Media misguided on sockeye salmon report
Opinion
“Fish farms targeted in Fraser River sockeye inquiry”, “Report into decline of B.C.'s sockeye fishery critical of salmon farming”, “Report calls for freeze on fish farms off Vancouver Island”, “Freeze new salmon farms on sockeye migration route: Cohen”, Commission presses Ottawa to curb fish farm impact on sockeye”, “Sockeye report critical of B.C. fish farms”- these were just some of the headlines dominating the media reports following the release yesterday of a two year- CAD$26 million (~€ 20 million) report into the disappointing return of sockeye salmon to the Fraser River in 2009. The return was about a million fish- more than all the Atlantic salmon returning to spawn in European rivers in any given year.
But the official prognosis provided by authorities for that year was the return of some 10 million fish- in spite of suggestions by some prominent salmon researchers that there just wasn’t enough food in the ocean around the mouth of the river when those fish went to sea two years earlier. And while the fish farms were suggested as being the main culprit regarding the relative poor return, no credit was given to the same farms when next year- in 2010- a hundred year record run showed up equally unexpectedly- some 35 million fish at best estimate. While salmon farms were operated as usual during this entire period, credit for the huge run was instead given to a volcanic eruption in Alaska.
Reporting by television and radio media was equally quick to bring up the issue of salmon farming, although only ten of the 75 recommendations contained in the report dealt with the issue, and some were quite benign in nature. Former B.C. Supreme Court Judge Bruce Cohen said that while there was no credible scientific information to support the notion that sea lice or other pathogens from salmon farms played a major role in the long-term decline of sockeye salmon in B.C.- a phenomenon also seen in Washington State and Alaska- there could be a risk that Fraser River sockeye salmon could be impacted by such events. Engaging an extreme interpretation of the precautionary principle, Cohen recommended that no increase in farmed salmon in the Discovery Island area- just outside Campbell River- should take place during the next eight years unless government fisheries researchers can provide assurances that any risk of pathogen transfer from farmed to wild salmon is negligible.

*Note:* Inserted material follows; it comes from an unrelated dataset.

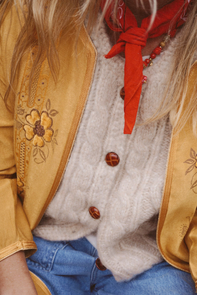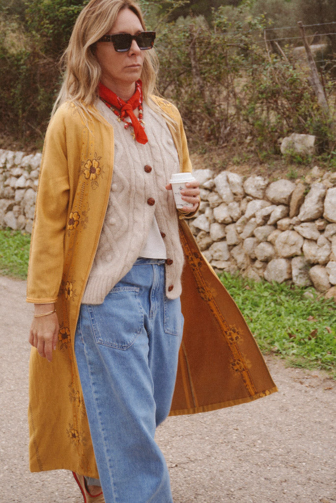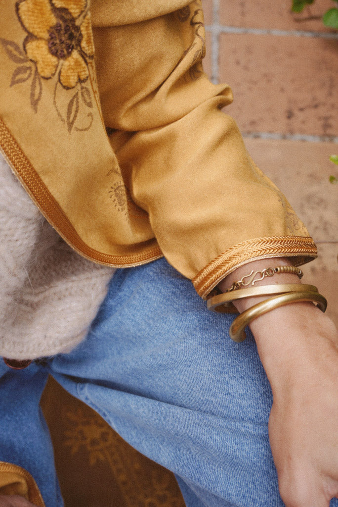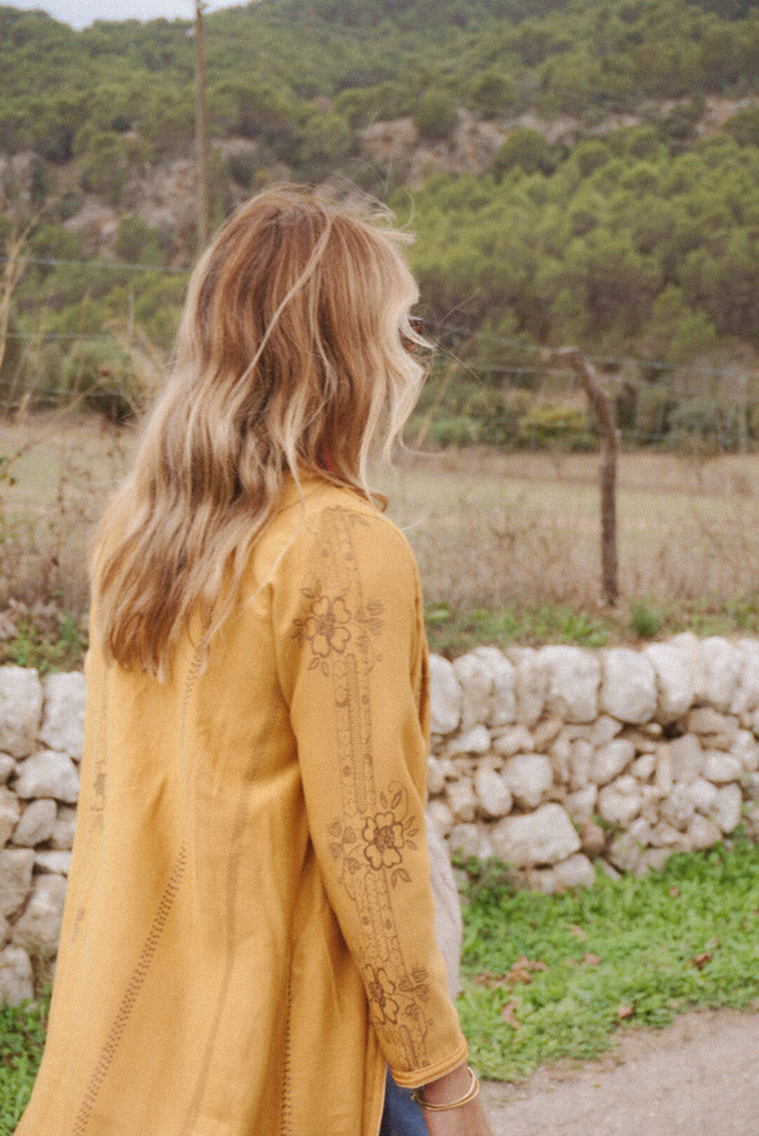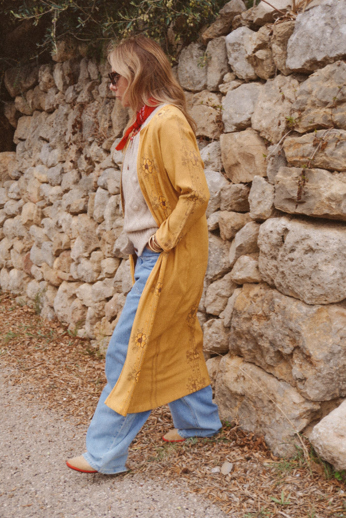 Made from a preloved mustard-yellow djellaba with floral details in warm brow and gold tones. The fabric has a soft texture and an easy drape.

Like mainstream media, environmental groups were also quick to jump on the salmon- farming- as- the-main- reason bandwagon, with the likes of the Living Oceans Society paying no attention to the many other issues highlighted by Judge Cohen. Individuals known for their anti-salmon farming stance from the Watershed Watch Salmon Society and the Simon Fraser University had announced their availability to comment on the report well in advance of the release, and most media were all too happy to bring them into the so-called debate. And the New Democratic Party Member of Parliament for New Westminster-Coquitlam- Mr. Fin Donnelly- showed his ignorance of the issues when he talked about “an outbreak of the Infectious Salmon Anemia (ISA) virus in B.C.”- something that the report categorically dismissed based on credible testimony by professional scientists.

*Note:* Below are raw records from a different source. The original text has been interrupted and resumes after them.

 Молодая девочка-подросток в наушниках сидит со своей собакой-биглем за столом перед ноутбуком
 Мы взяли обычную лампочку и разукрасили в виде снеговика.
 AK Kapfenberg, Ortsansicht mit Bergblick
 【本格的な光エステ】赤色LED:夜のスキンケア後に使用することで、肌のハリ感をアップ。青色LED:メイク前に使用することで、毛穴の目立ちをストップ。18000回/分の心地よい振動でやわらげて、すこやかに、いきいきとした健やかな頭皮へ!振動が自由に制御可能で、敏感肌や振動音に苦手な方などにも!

But media coverage started to get somewhat more muted on the topic of salmon farming after Stewart Hawthorn and Clare Backman from the B.C. Salmon Farmers Association kept repeating the fact that the industry welcomed the opportunity to do more studies in the Discovery Island area, that their fish are healthy, and that the Judge had provided copious compliments to the industry for keeping a set of detailed records over their fish for many years, and for each farm in the province. Environmental groups are now drooling over the recommendation by Judge Cohen that these records should be more readily available- including to themselves- no doubt in a hunt for more ammunition to be used against the industry.